Fast calculation can not only simplify the calculation process, but also improve the calculation efficiency.
Therefore, in the learning process, we not only need to master the calculation rules, but also need to learn some calculation skills.
"First calculate gather together enough.
When adding, if the items in the formula can be grouped properly, the calculation process will be greatly simplified. If the two numbers add up, if they can add up to exactly ten, one hundred, one thousand, ten thousand ... then calculate first.
For example,1+9 =10,3+7 =10,2+8 =10,4+6 =10,5+5 =10.
Another example is:12+88 =100,35+65 =100,21+79 =100,44+56 =100.

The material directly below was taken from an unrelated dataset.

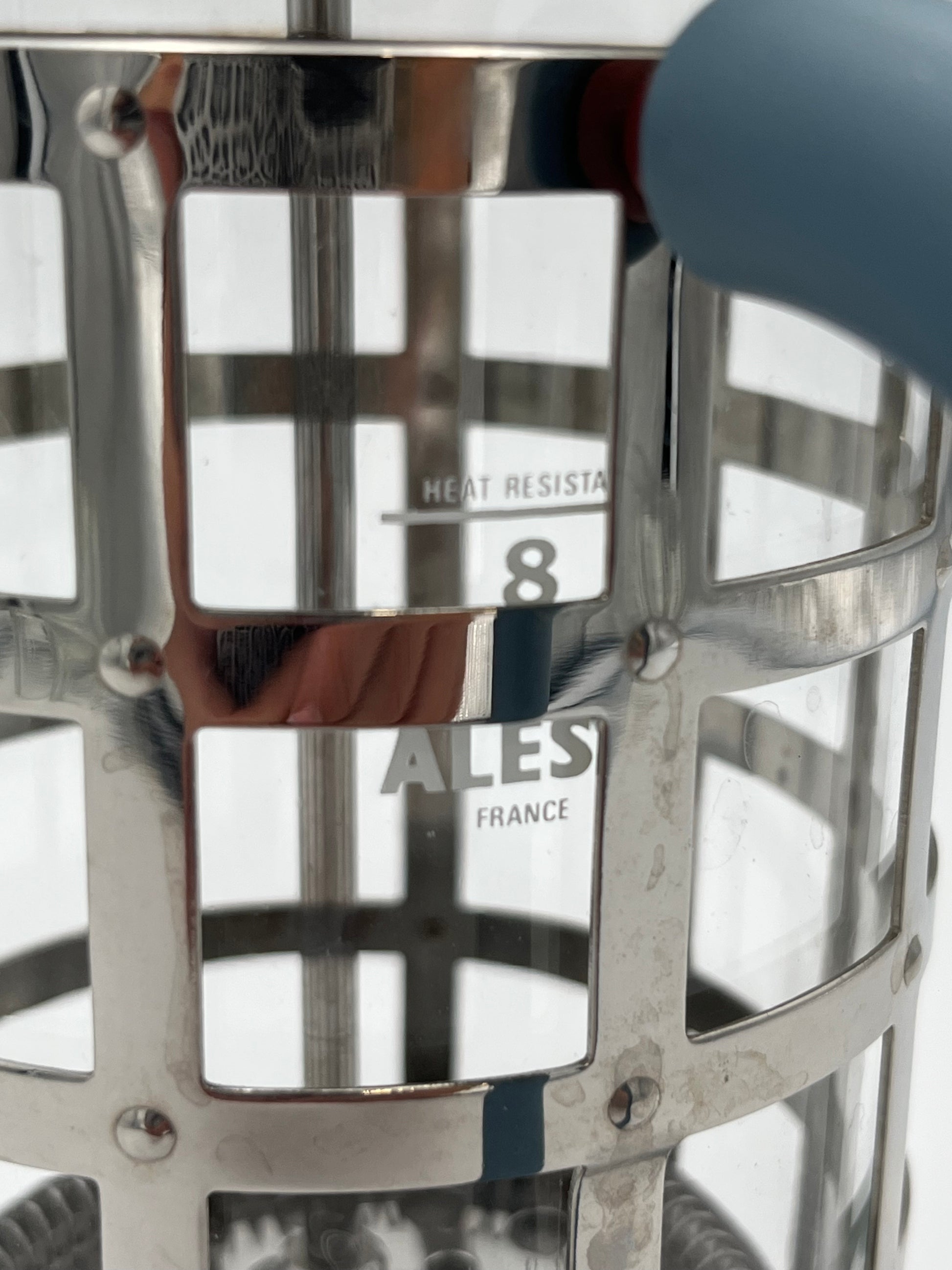 Fabriquée avec une combinaison de matériaux en azur et acier inoxydable 18/10, elle est en très bon état.

In the above formula, 1 is called the "complement" of 9; 79 is called the "complement" of 2 1, and 44 is also called the "complement" of 56, which means that two numbers are "complements" of each other.
Example 1. Calculation 53+55+47
Solution: The original formula =(53+47)+55.
= 155
Calculate 23+39+6 1
Solution: Original formula =23+(39+6 1)
=23+ 100
= 123
For those that cannot be rounded directly, one of the numbers can be split and rounded again.

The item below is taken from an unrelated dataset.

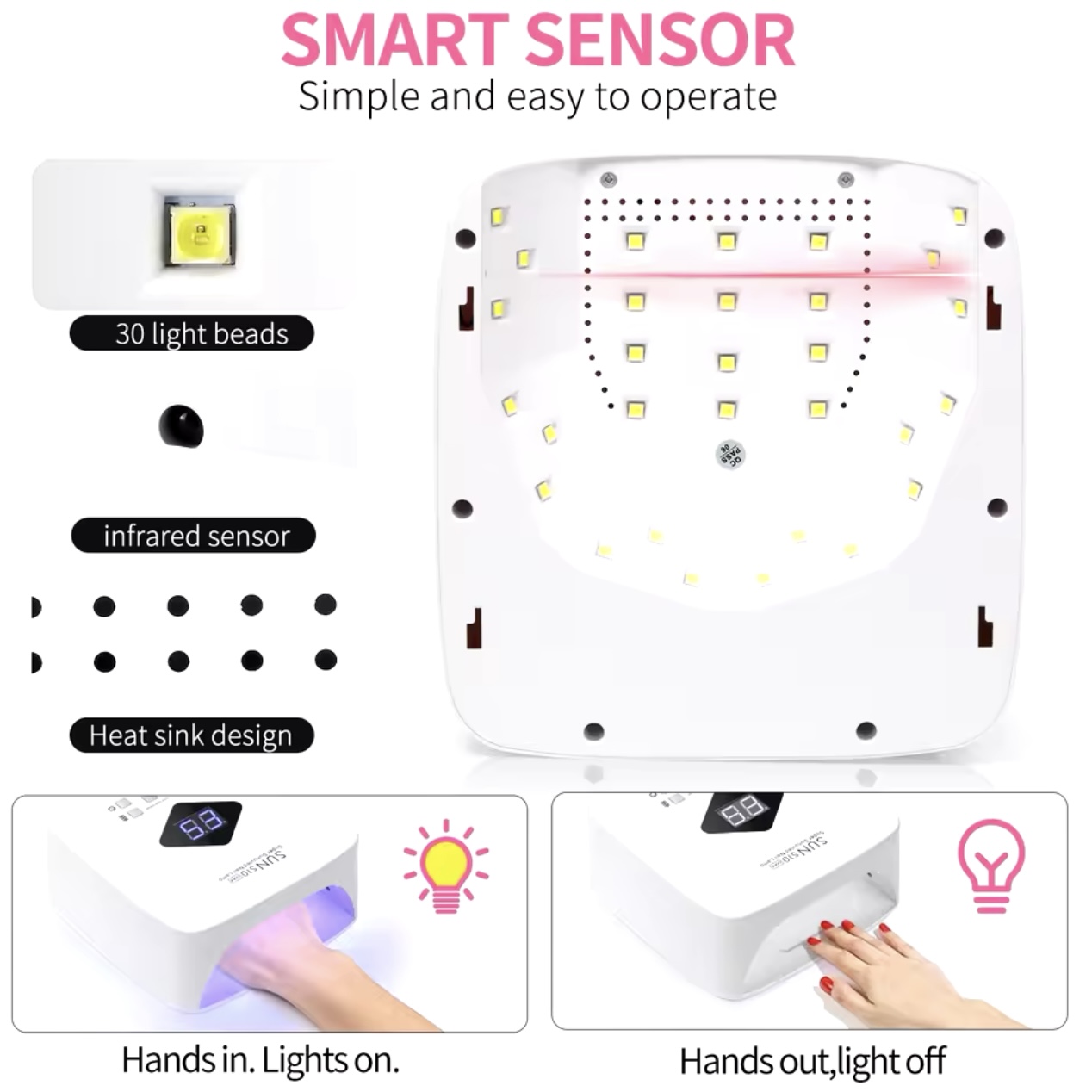 66watts pink LED rechargeable nail lamp (CHB01783)

Example 2. Calculating 87+ 15
Solution: The original formula =87+ 13+2.
=(87+ 13)+2
= 100+2
= 102
Calculation 54+79
Solution: The original formula =33+2 1+79.
=33+(2 1+79)
=33+ 100
= 133
Calculate 65+ 18+27
Solution: The original formula =60+2+3+ 18+27.
=60+(2+ 18)+(3+27)
=60+20+30
= 1 10
For numbers that are not directly rounded up, you can round up first and then subtract the rounded number.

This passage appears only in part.